'''

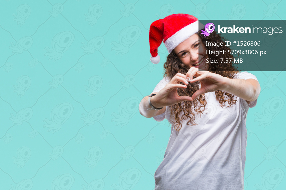 Young brunette girl wearing christmas hat over isolated background smiling in love showing heart symbol and shape with hands. Romantic concept.
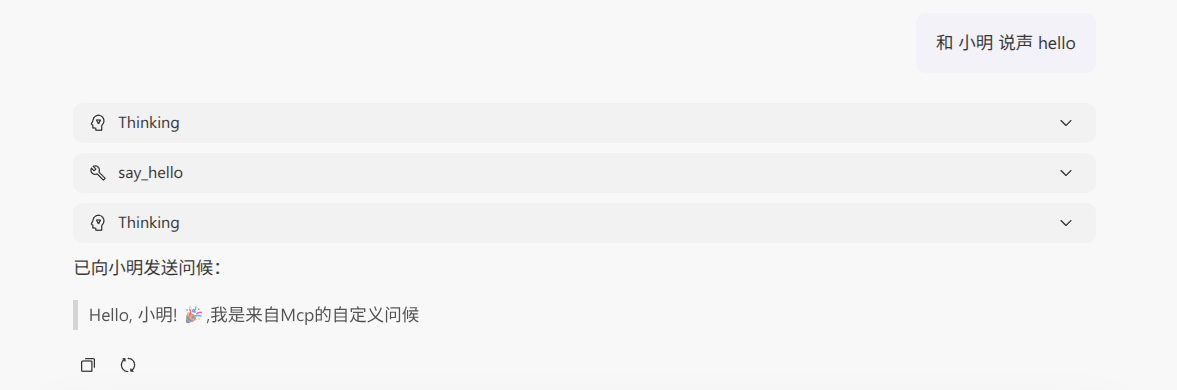 测试:对 AI 说 "用 say_hello 工具跟小明打个招呼"
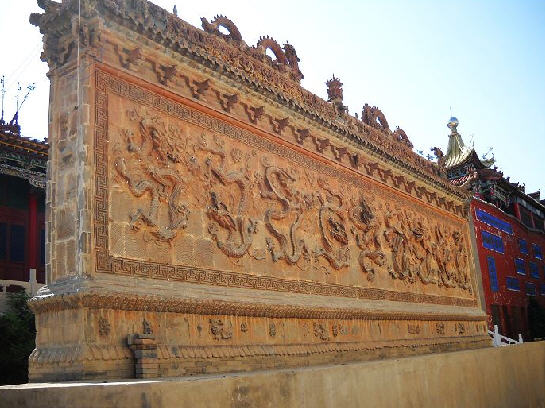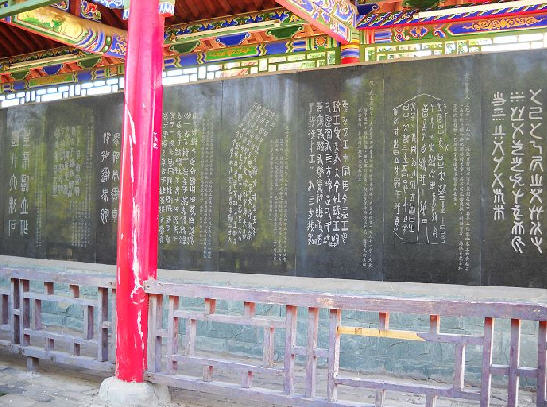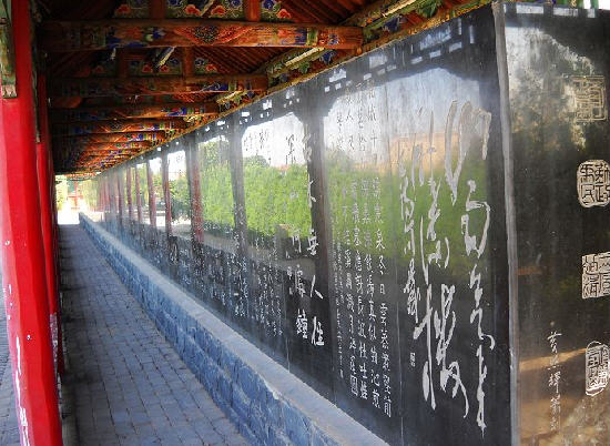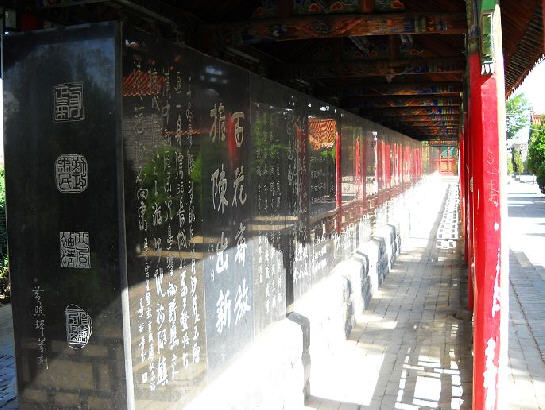 南碑林在观音阁南,该碑廊长40米,木架结构,画栋雕梁,顶覆琉璃 瓦。碑廊北头有两层叠加圆塔状建筑,犹如龙首,观音阁如宝珠,与后建北碑廊构成“二龙戏珠” 态势。碑廊中部横砌贯通南北之碑座,其中高50厘米,其宽65厘米,石碑座上先筑50厘米厚、1.4米高的砖墙,然后在墙体两面用水泥粘贴黑色花岗岩板 材。其面积为宽40厘米,高1.4米,其厚度为2公分。所刻文字先将所收集书法作品在电脑上按要求大小放好,然后在其下方衬上复写纸,描在碑石上,最后由 石工精心刻制。南碑廊供贴碑石122块,总投资10多万元,其中姜玉英女士(80多岁)捐资4万元,不足部分由寺内布施补之。北碑林在观音阁之北。其形制 与南碑林大同小异:碑廊南头筑两层叠加八角塔状建筑,亦犹龙首,总长50多米的碑廊犹如龙身。与南碑廊不同者是北碑廊北部向东拐出10多米。北碑廊内树碑 石块133块,在尚永东、谢志忠先生资助下告竣。设计、主持、总监同前。北碑林与南碑林紧密呼应,大观毕现。北碑林采集挖掘历代或现代名人名言、名录名 句、名书名品既增加了景观又把无量寺变成榆林的文化宝库,使之将现有占地全部利用建成一寺多庙多殿的完整庙宇。建筑方面展示了榆林人民勤劳高超的技艺,启 发信众对神灵追从扶正除恶和行善积德的美好愿望。
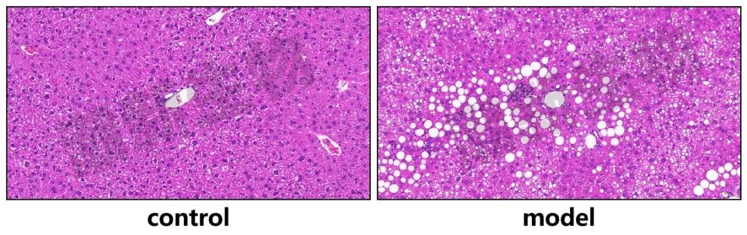 针对NAFLD方向,团队采用C57BL/6J小鼠+蛋氨酸限制胆碱缺乏高脂饲料(MCD,高脂供能)方案,4周即可形成较为典型的脂肪肝表型。
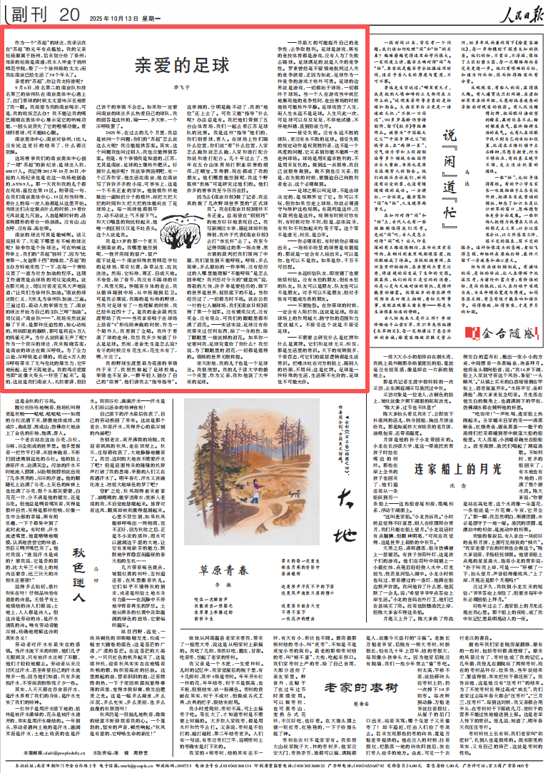 ○2025年,在过去的几个月里,我总是被问一个问题:你们的“苏超”怎么就这么火呢?我没能提供答案。其实,这个问题我也问过别人,我也没能得到答案。但是,有个事情我是知道的,江苏,尤其是南京,足球的土壤格外肥沃。好到什么地步呢?我就举例说明吧,有一个江苏作家,他生活在南京,他在南京写了许许多多的小说,可事实上,这是一个不务正业的家伙。他装模作样地做出一副知识分子的模样,却把大把大把的时间和大把大把的体能耗在了足球场上。每一场球他都很尽力,动不动就上气不接下气。和大口喘息的狗比较起来,他唯一的区别仅仅是不吐舌头。这个人就是我。
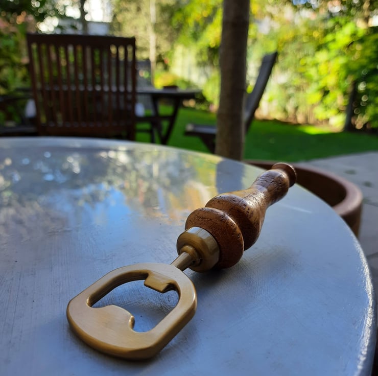 This is a handmade, woodturned bottle opener, made using exotic hardwoods Mango and Cherry. The handle tapers down to a narrow point with some unusual curves that make it interesting and tactile to hold. The hardware has an "antique gold" coloured finish.
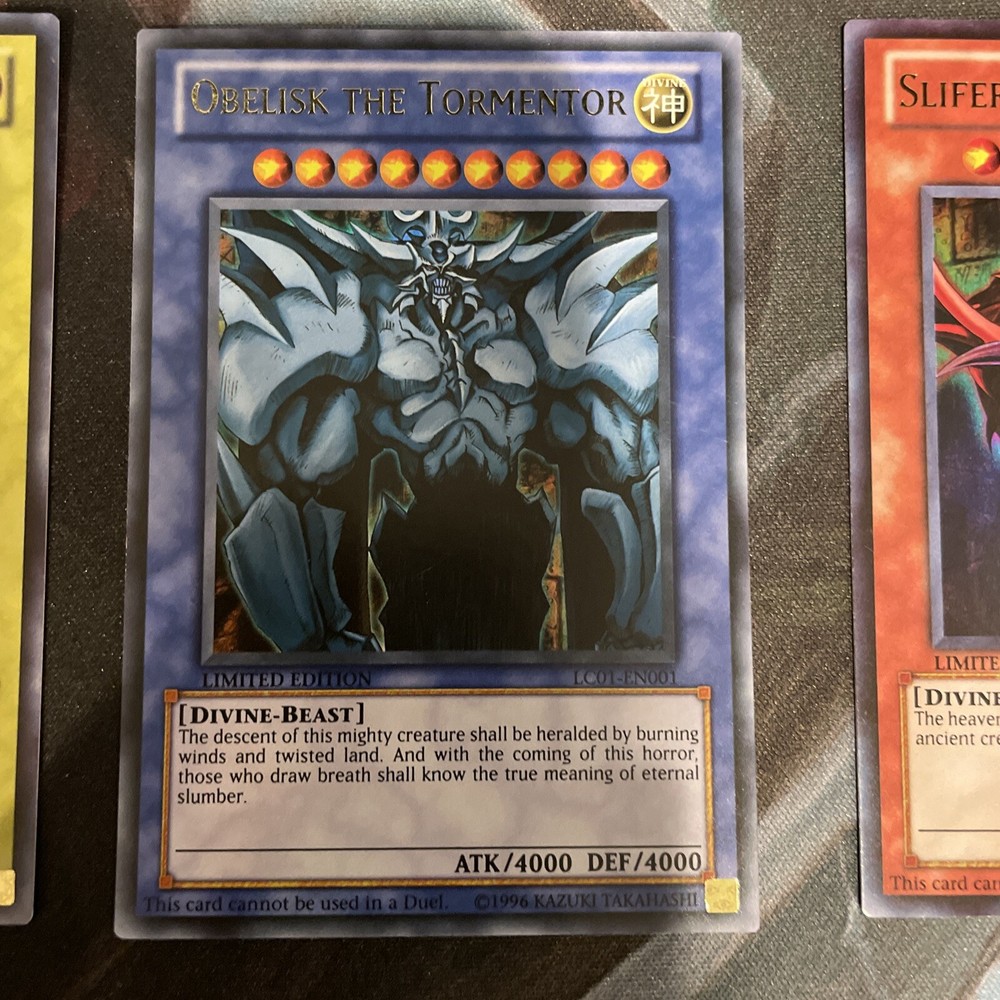 Yugioh! Dragon of Ra, Obelisk, Slifer LC01 3-Card Egyptian God Set NM. Fast shipping...
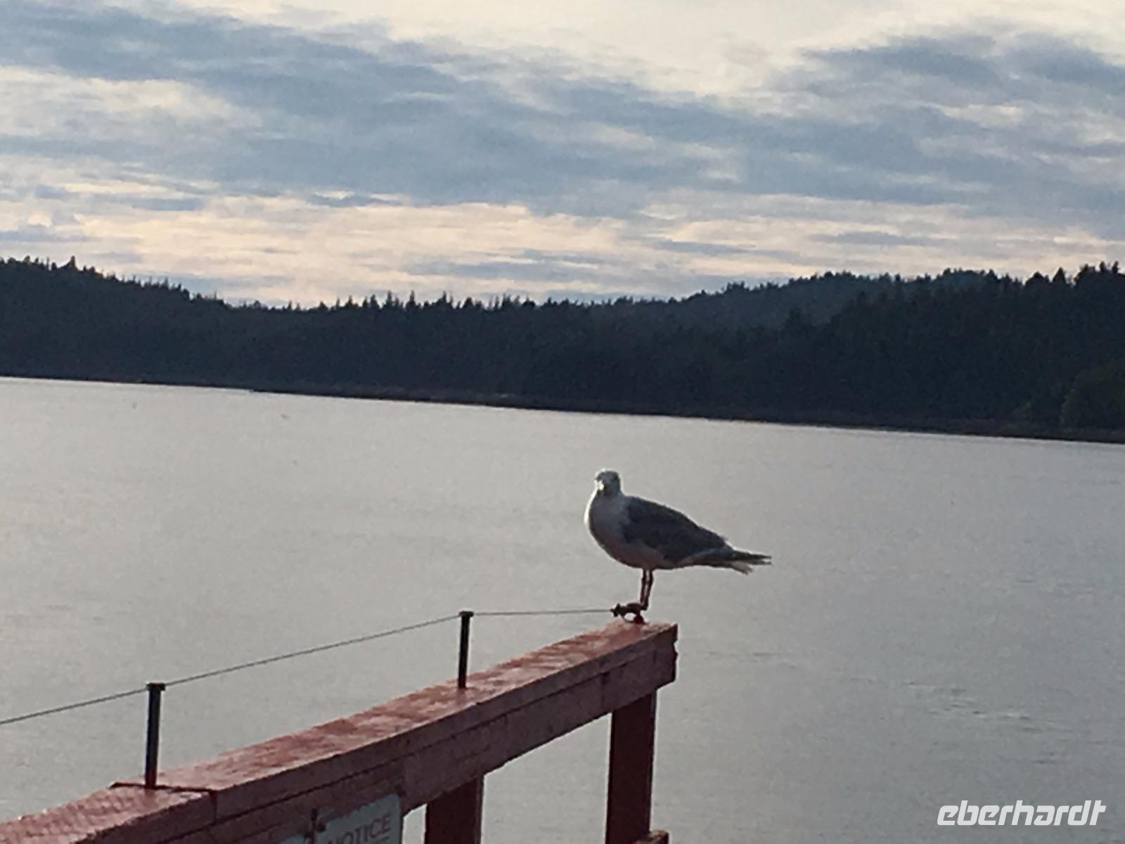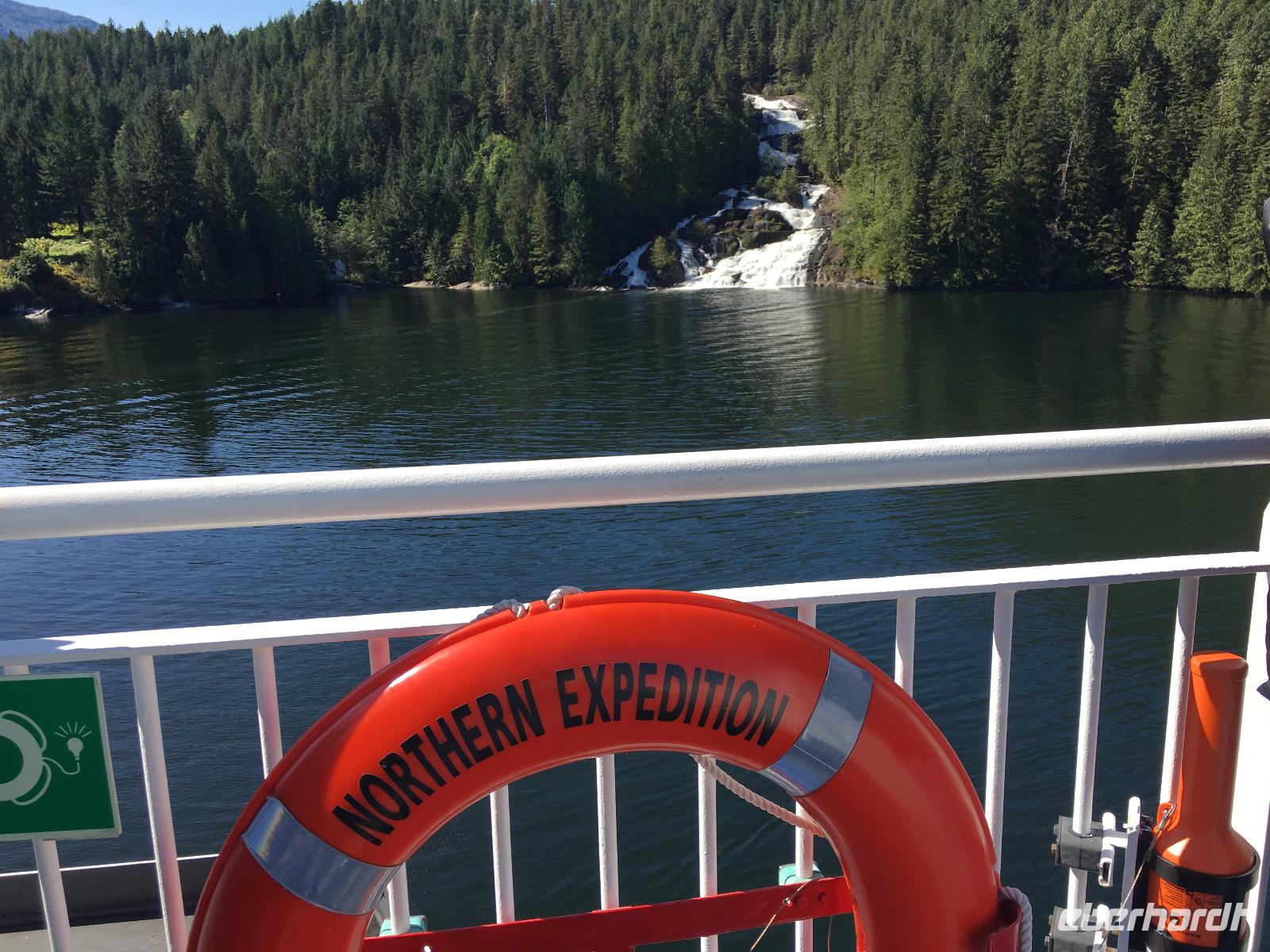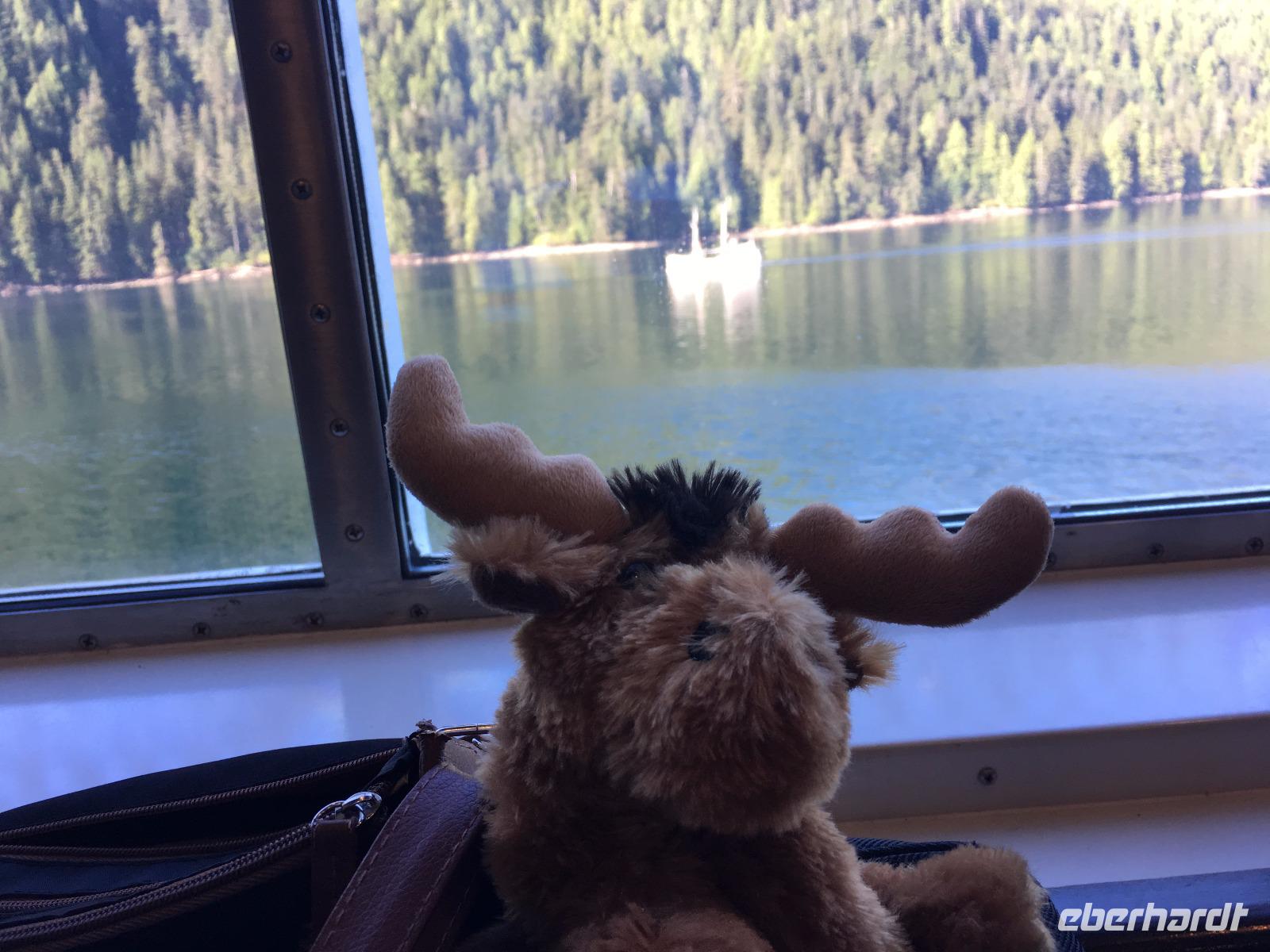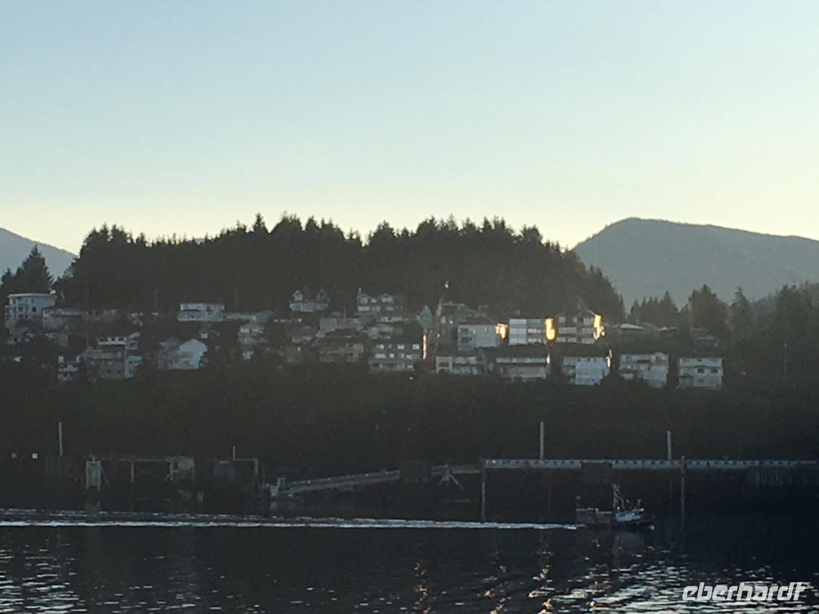 Au Weh ist richtig, denn es klingelt bereits um 5 Uhr in der Frueh ! Nur gut, dass wir die Koffer schon gestern abend in den Bus gestellt haben und bloss mit einem Handgepaeck bestueckt sind. Bald fahren wir mit dem Bus auf die Faehre, wir stehen ganz vorne und das ist fein, denn bei Ankunft in der Nacht, fahren wir auch wieder als erste raus. Die Inside Passage koennen wir so richtig schoen geniessen, 18 Stunden lang, was sich nach ein bisschen lange anhorchen mag, bei diesem herrlichen Wetter und den warmen Temperaturen jedoch sehr schnell vergeht. Wir haben ja auch mal Zeit, die Ansichtskarten zu schreiben, zu lesen, auszuruhen und diese wunderschoene Gegend auch von den vielen Aussendecks zu geniessen. Immer wieder gibt es einen Wasserfall oder ein Leuchturm zu sehen und dann kommt immer wieder die Aufregung......ein Ansage......Wale rechts, Wale links und alle rennen natuerlich auf die angegebene Seite, sodass der Steuermannn diese Gewichtsverschiebung jeweils ausgleichen muss. Wir werden auch auf die Bruecke eingeladen. Diese Faehre kommt aus Flensburg und der Heilige Nikolaus passt auf dieses Schiff auf. Alle Hebel, Knoepfe und Bildschirme werden uns erklaert und die Offiziere laecheln uns freundlich zu. Wir segeln mit der Flut und deshalb sind wir etwas frueher in Bella Bella wo einige Passagiere aus und zusteigen. Wir nutzen diese Gelegenheit fuer unsere Party auf Deck 4. Spaeter geniessen wir das feine Buffet im Restaurant Vista und immer wieder wird die Mahlzeit durch Walsichtung kurz unterbrochen. Manche Wale sind auch aus HOLZ ! Die Aufregung ist jedoch immer sehr amuesant. So vertreiben wir uns die Zeit auf sehr angenehme Art und Weise. In Port Hardy angekommen fahren wir gleich zum nahegelegenen Hotel und verschwinden lautlos in unsere Zimmer. Es war ein wahrlich herrlicher Tag.

'''

Exercise aim:
Drop every picture and repeat the rest of the entries exactly.

The answer:
 Young brunette girl wearing christmas hat over isolated background smiling in love showing heart symbol and shape with hands. Romantic concept.
 测试:对 AI 说 "用 say_hello 工具跟小明打个招呼"
 南碑林在观音阁南,该碑廊长40米,木架结构,画栋雕梁,顶覆琉璃 瓦。碑廊北头有两层叠加圆塔状建筑,犹如龙首,观音阁如宝珠,与后建北碑廊构成“二龙戏珠” 态势。碑廊中部横砌贯通南北之碑座,其中高50厘米,其宽65厘米,石碑座上先筑50厘米厚、1.4米高的砖墙,然后在墙体两面用水泥粘贴黑色花岗岩板 材。其面积为宽40厘米,高1.4米,其厚度为2公分。所刻文字先将所收集书法作品在电脑上按要求大小放好,然后在其下方衬上复写纸,描在碑石上,最后由 石工精心刻制。南碑廊供贴碑石122块,总投资10多万元,其中姜玉英女士(80多岁)捐资4万元,不足部分由寺内布施补之。北碑林在观音阁之北。其形制 与南碑林大同小异:碑廊南头筑两层叠加八角塔状建筑,亦犹龙首,总长50多米的碑廊犹如龙身。与南碑廊不同者是北碑廊北部向东拐出10多米。北碑廊内树碑 石块133块,在尚永东、谢志忠先生资助下告竣。设计、主持、总监同前。北碑林与南碑林紧密呼应,大观毕现。北碑林采集挖掘历代或现代名人名言、名录名 句、名书名品既增加了景观又把无量寺变成榆林的文化宝库,使之将现有占地全部利用建成一寺多庙多殿的完整庙宇。建筑方面展示了榆林人民勤劳高超的技艺,启 发信众对神灵追从扶正除恶和行善积德的美好愿望。
 针对NAFLD方向,团队采用C57BL/6J小鼠+蛋氨酸限制胆碱缺乏高脂饲料(MCD,高脂供能)方案,4周即可形成较为典型的脂肪肝表型。
 ○2025年,在过去的几个月里,我总是被问一个问题:你们的“苏超”怎么就这么火呢?我没能提供答案。其实,这个问题我也问过别人,我也没能得到答案。但是,有个事情我是知道的,江苏,尤其是南京,足球的土壤格外肥沃。好到什么地步呢?我就举例说明吧,有一个江苏作家,他生活在南京,他在南京写了许许多多的小说,可事实上,这是一个不务正业的家伙。他装模作样地做出一副知识分子的模样,却把大把大把的时间和大把大把的体能耗在了足球场上。每一场球他都很尽力,动不动就上气不接下气。和大口喘息的狗比较起来,他唯一的区别仅仅是不吐舌头。这个人就是我。
 This is a handmade, woodturned bottle opener, made using exotic hardwoods Mango and Cherry. The handle tapers down to a narrow point with some unusual curves that make it interesting and tactile to hold. The hardware has an "antique gold" coloured finish.
 Yugioh! Dragon of Ra, Obelisk, Slifer LC01 3-Card Egyptian God Set NM. Fast shipping...
 Au Weh ist richtig, denn es klingelt bereits um 5 Uhr in der Frueh ! Nur gut, dass wir die Koffer schon gestern abend in den Bus gestellt haben und bloss mit einem Handgepaeck bestueckt sind. Bald fahren wir mit dem Bus auf die Faehre, wir stehen ganz vorne und das ist fein, denn bei Ankunft in der Nacht, fahren wir auch wieder als erste raus. Die Inside Passage koennen wir so richtig schoen geniessen, 18 Stunden lang, was sich nach ein bisschen lange anhorchen mag, bei diesem herrlichen Wetter und den warmen Temperaturen jedoch sehr schnell vergeht. Wir haben ja auch mal Zeit, die Ansichtskarten zu schreiben, zu lesen, auszuruhen und diese wunderschoene Gegend auch von den vielen Aussendecks zu geniessen. Immer wieder gibt es einen Wasserfall oder ein Leuchturm zu sehen und dann kommt immer wieder die Aufregung......ein Ansage......Wale rechts, Wale links und alle rennen natuerlich auf die angegebene Seite, sodass der Steuermannn diese Gewichtsverschiebung jeweils ausgleichen muss. Wir werden auch auf die Bruecke eingeladen. Diese Faehre kommt aus Flensburg und der Heilige Nikolaus passt auf dieses Schiff auf. Alle Hebel, Knoepfe und Bildschirme werden uns erklaert und die Offiziere laecheln uns freundlich zu. Wir segeln mit der Flut und deshalb sind wir etwas frueher in Bella Bella wo einige Passagiere aus und zusteigen. Wir nutzen diese Gelegenheit fuer unsere Party auf Deck 4. Spaeter geniessen wir das feine Buffet im Restaurant Vista und immer wieder wird die Mahlzeit durch Walsichtung kurz unterbrochen. Manche Wale sind auch aus HOLZ ! Die Aufregung ist jedoch immer sehr amuesant. So vertreiben wir uns die Zeit auf sehr angenehme Art und Weise. In Port Hardy angekommen fahren wir gleich zum nahegelegenen Hotel und verschwinden lautlos in unsere Zimmer. Es war ein wahrlich herrlicher Tag.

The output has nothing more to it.